Sin is superfluous now. It is an excess.
Sin in not necessary. Before you were saved you had no choice but to
sin. Everything you did came out of the sin nature. Human good came
out of the sin nature. Morality came out of the sin nature.
Everything came out of the sin nature. Some of the most evil people in
the world today are not Mahmoud Ahmadinejad
or Hugo Chavez. I mean these people are evil, but they are not anything
compared to some of the folks in this country. I mean you think about some of
the folks in this country who are moral and religious. I could name you a
couple of pastors who I am convinced that they are not saved. Boy, do they
have a huge influence. They have no belief in a substitutionary atonement of
Christ, no belief in sin. One of them is out in
So God is producing righteousness in the
believer. There is a pre-condition for this though. That is what is
interesting about looking at James 1:21 because it looks in your English Bible
as if you have two imperatives there - lay aside and receive.
Right? That is what it looks like in your English. Actually in the
Greek you don’t. You have one aorist imperative which is “receive with
meekness the implanted word which is able to save your souls”. Now they
are already justified. Aren’t they? Didn’t we say that
already? They are justified. So when it talks about receiving the
implanted word which is able to save your souls, it is not talking about
getting justified These folks are already justified. They are “my
beloved brethren.”
Hold your place right there and we are going to have
sword drill time. Turn over to Romans 5.
NKJ Romans 5:1 Therefore, having been justified by
faith, we have peace with God through our Lord Jesus Christ,
Right now according to that verse what are we?

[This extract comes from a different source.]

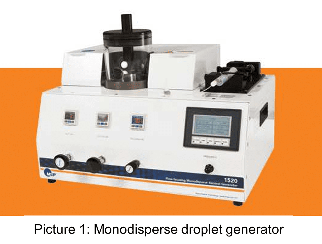 ThermoFisher used a TSI /MSP (Monodisperes aerosol generator Model 1520) drop generator. Based on the flow rate µl/min and the frequency it is possible to calculate the expected droplet size, starting at 20 µm. Comparing the theoretical drop size with the SpraySpy measurement result gives the SpraySpy accuracy.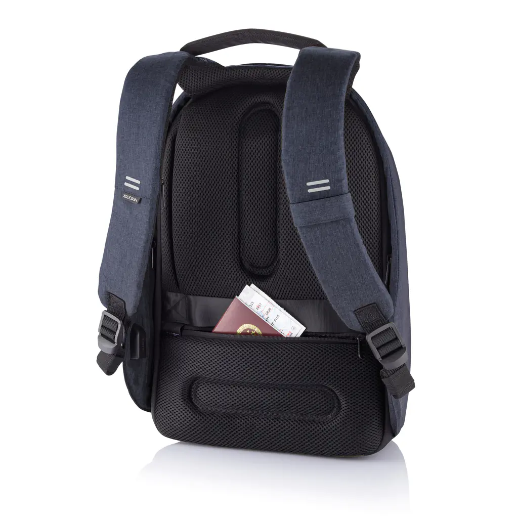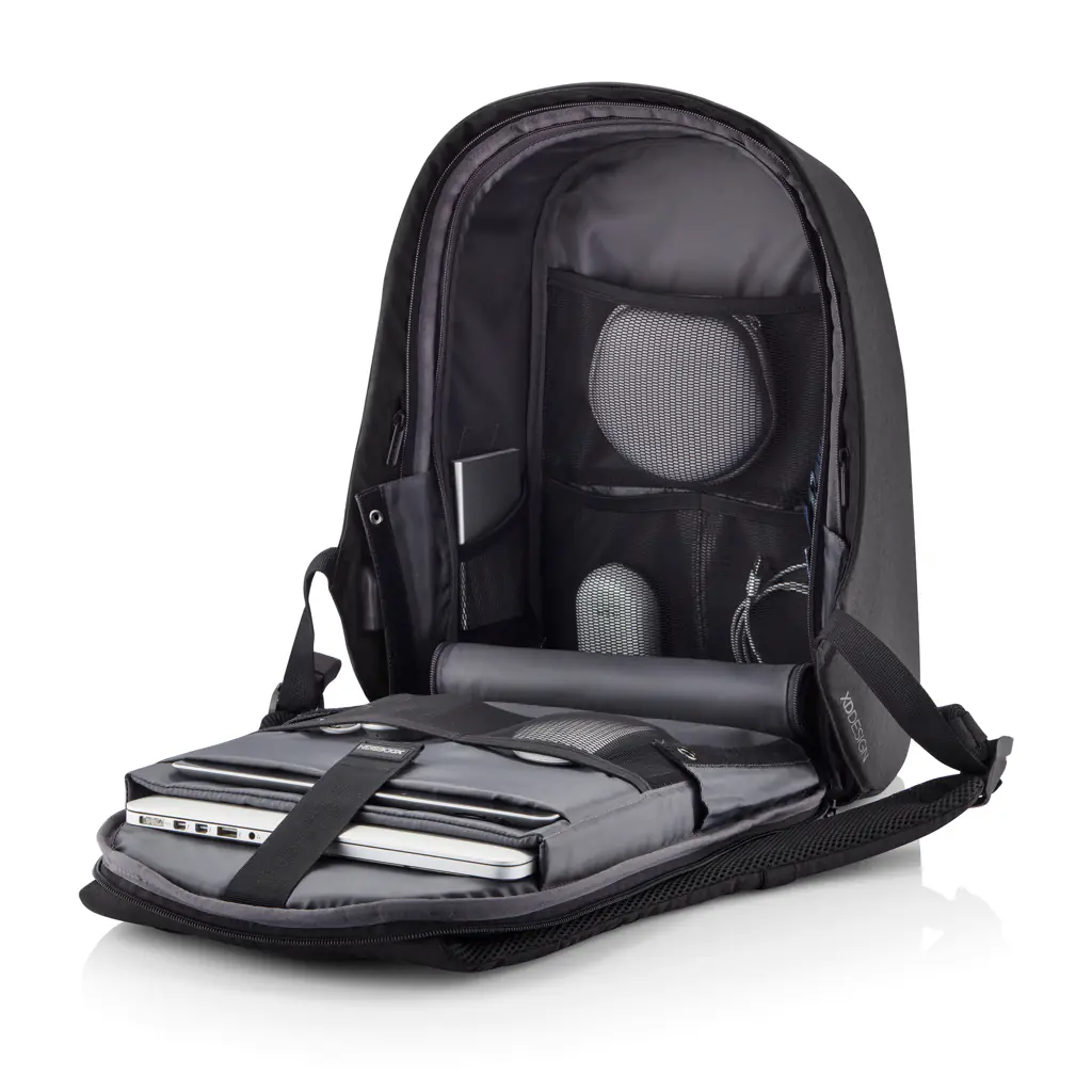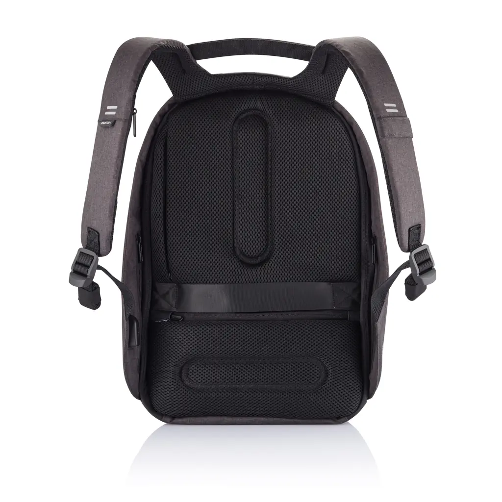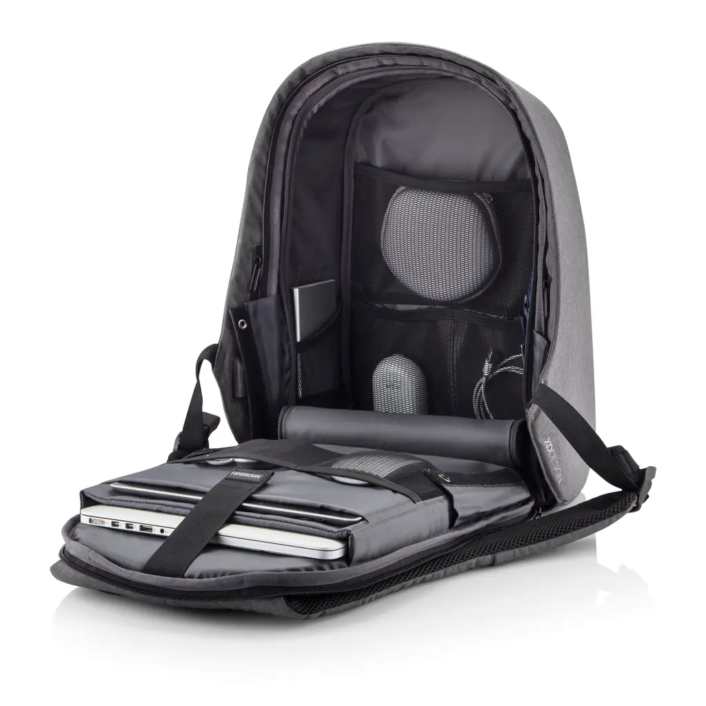 De Bobby Hero lijn is onze nieuwe generatie anti-diefstal rugzakken. Dit nieuwe model helpt u om altijd veilig, zorgeloos en georganiseerd te reizen. Het snijvaste en waterafstotende materiaal waar de tas van gemaakt is en de verborgen ritssluitingen & zakken houden uw spullen veilig terwijl u onderweg bent. Bobby Hero is ook een heel handige rugzak met functies zoals een ge ntegreerde USB-laadpoort, oplichtende veiligheidsstrips en een bagageband. Aan de binnenkant zitten gewatteerde compartimenten voor een 17″ laptop, tablet tot 12,9″ en al uw andere spullen. De rugzak is gemaakt van 35 rPET (gerecyclede PET-flessen). Geregistreerd ontwerp “”

Having now been justified. Just think a little bit. What are we
right now? We are justified. Present tense, right? Having now
been justified. That “now” is a big word.

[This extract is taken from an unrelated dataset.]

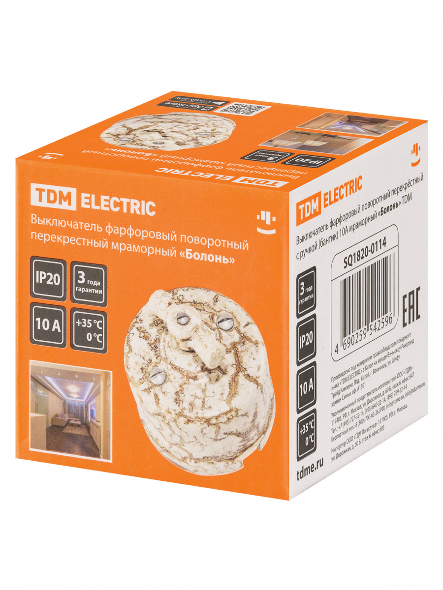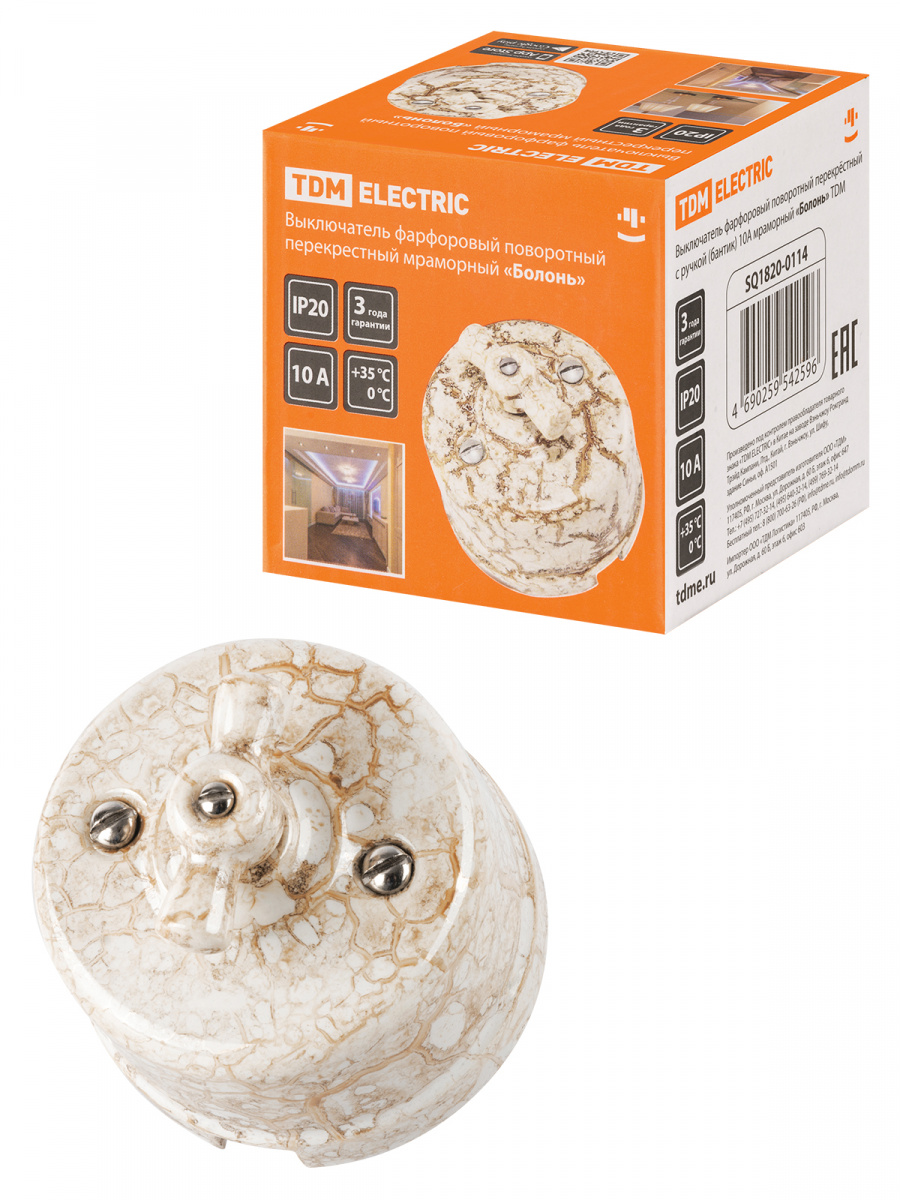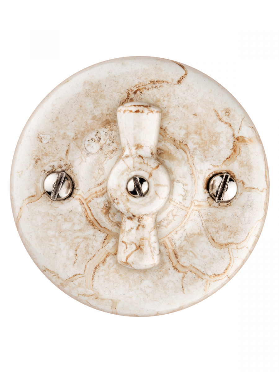 - Выключатель фарфоровый поворотный перекрёстный с ручкой (бантик) 10А мраморный «Болонь» TDM (1/72) (SQ1820-0114)

“We shall be saved.” Now what tense do you think
that is? That’s future tense. Does that mean we can be justified
and not saved? That doesn’t fit American superficial evangelical
terminology which says that always asks the question, “Brother are you
saved? We don’t use the word “saved” in the same way the Bible uses the
word saved most of the time. Sometimes sozo
is a synonym for justification, but in many cases sozo
is related to the post justification life or it’s related to the future
glorification life. So you have to look at the context to find out.

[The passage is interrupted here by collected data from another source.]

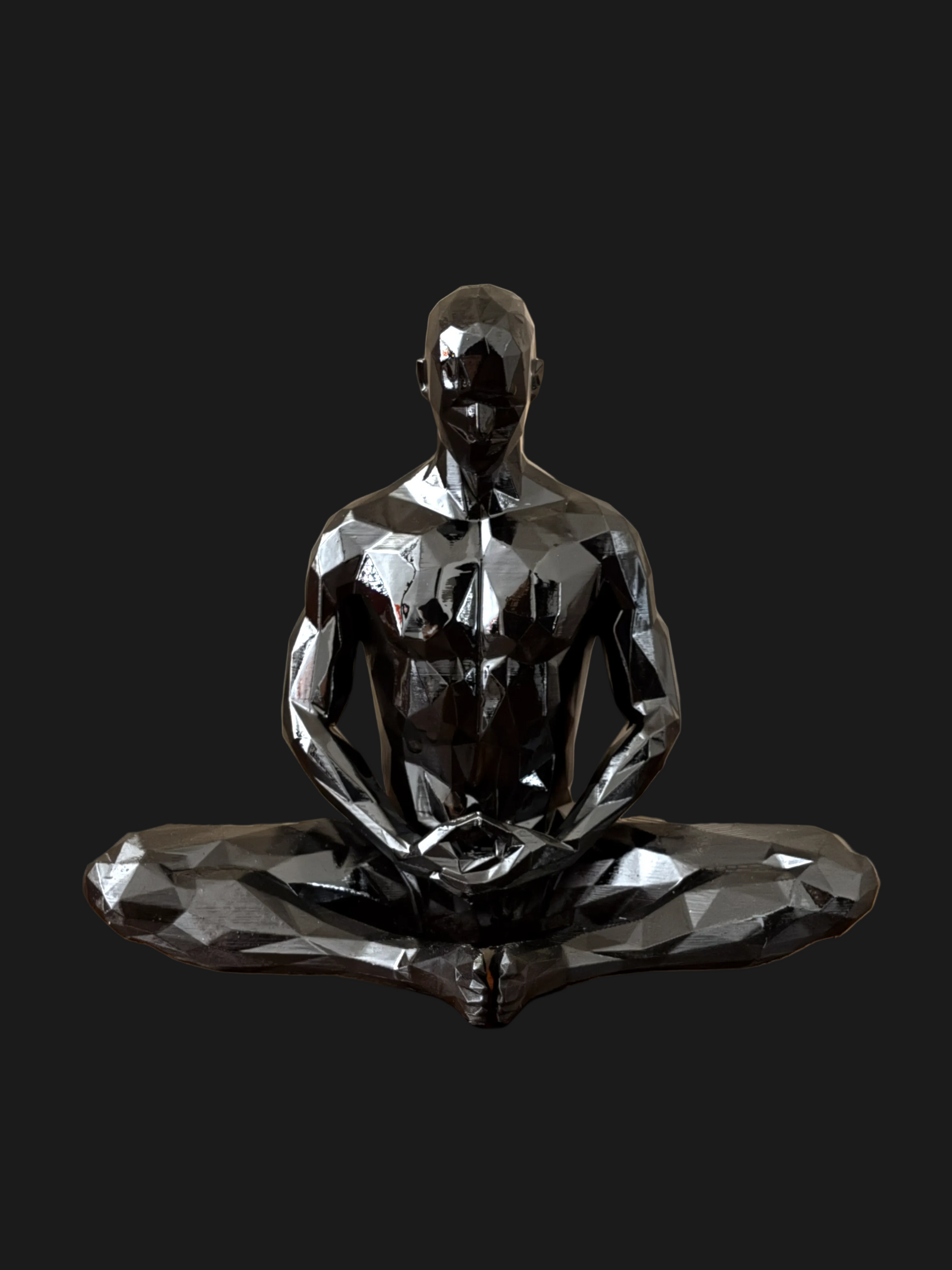 Dhyan captures the essence of meditation through a contemporary, faceted human form seated in perfect stillness. Its geometric surfaces reflect light subtly, creating depth and quiet movement while maintaining a sense of balance and serenity.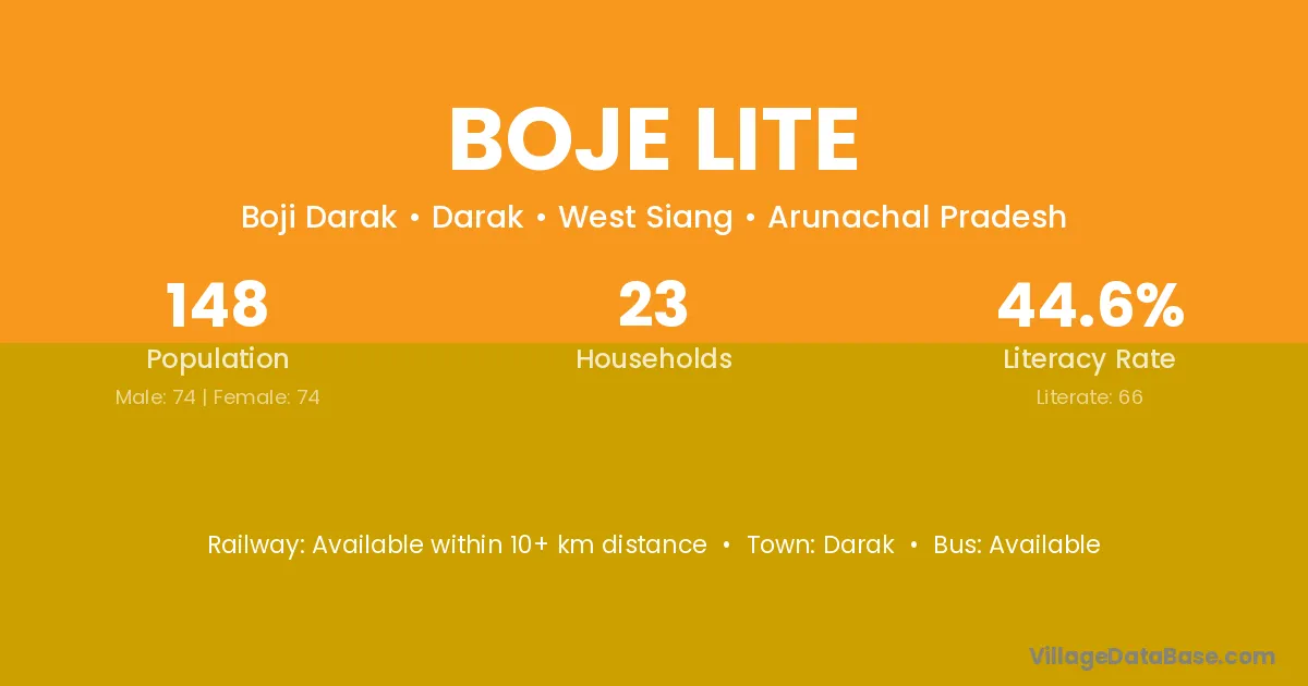 The literacy rate of Boje Lite village is 44.59%. Male literacy stands at 55.41% and female literacy at 33.78%.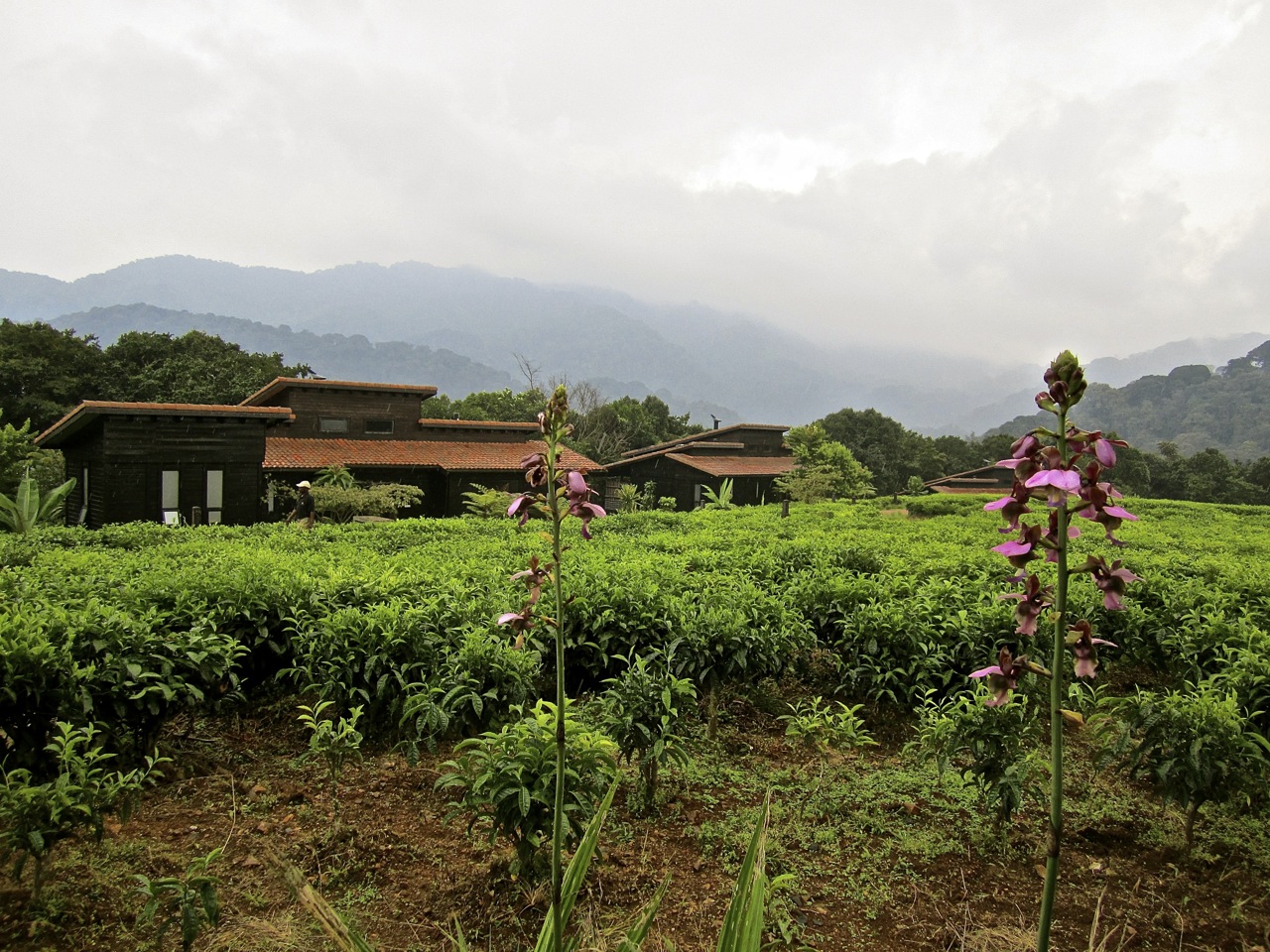 The Lodge is located on the western edge of the Nyungwe National Park in a tea plantation picked by a local cooperative. The cabins front to the tea fields and their back windows look out on the forest.

In Romans the word sozo to my knowledge never
refers to justification. That is not the word Paul uses getting
righteousness and being able to enter into heaven. In his
vocabulary in Romans he will ask people, “Are you justified?”
If you are justified, then we will be saved. It
is future tense. So I just want you to understand that what I am saying
here in James 1 about “receiving the implanted word which is able to save your
souls” is we’re not talking about justification here, we are talking about what
happens now that you are justified. You have to receive the implanted
Word and that will save you. It is an aorist command. But what is
interesting in the Greek is you have something called a participle of attended
circumstance. I just love these terms.
You don’t have a clue what that means. What that
means – if you go to the grammars they will say that there are 5
characteristics you look for grammatically in a sentence structure to know if
you have a participle of attended circumstance. You got them here.
You’ve got an aorist participle that precedes an aorist imperative and a number
of other things that are going on in the text. What it basically
means is that the aorist participle lays down the conditions that must come
antecedently, preceding the mandate. In other words before you can
receive “the Word that is able to save your soul” you have to lay aside
filthiness and the excess that sin is. Does that mean that I have to quit
sinning before I can get saved? If that’s true then we are all
lost. So we are not talking about that. What we are talking about
here is that one little word that we use a lot - confession. It is
confession. It is the same structure as a matter of fact that you have
over in I Peter 2:1. In I Peter 2:1 you have the command…
NKJ 1 Peter 2:1 Therefore, laying aside all malice,
all deceit, hypocrisy, envy, and all evil speaking,
It is the same word. It is like taking off an
old set of dirty clothes.
NKJ 1 Peter 2:2 as newborn babes, desire the pure
milk of the word, that you may grow thereby,
Before you can desire the sincere milk of the Word and
grow by it, what do you have to do? You have to go through that process
of cleansing from sin which comes as a result of confession. I John 1:9.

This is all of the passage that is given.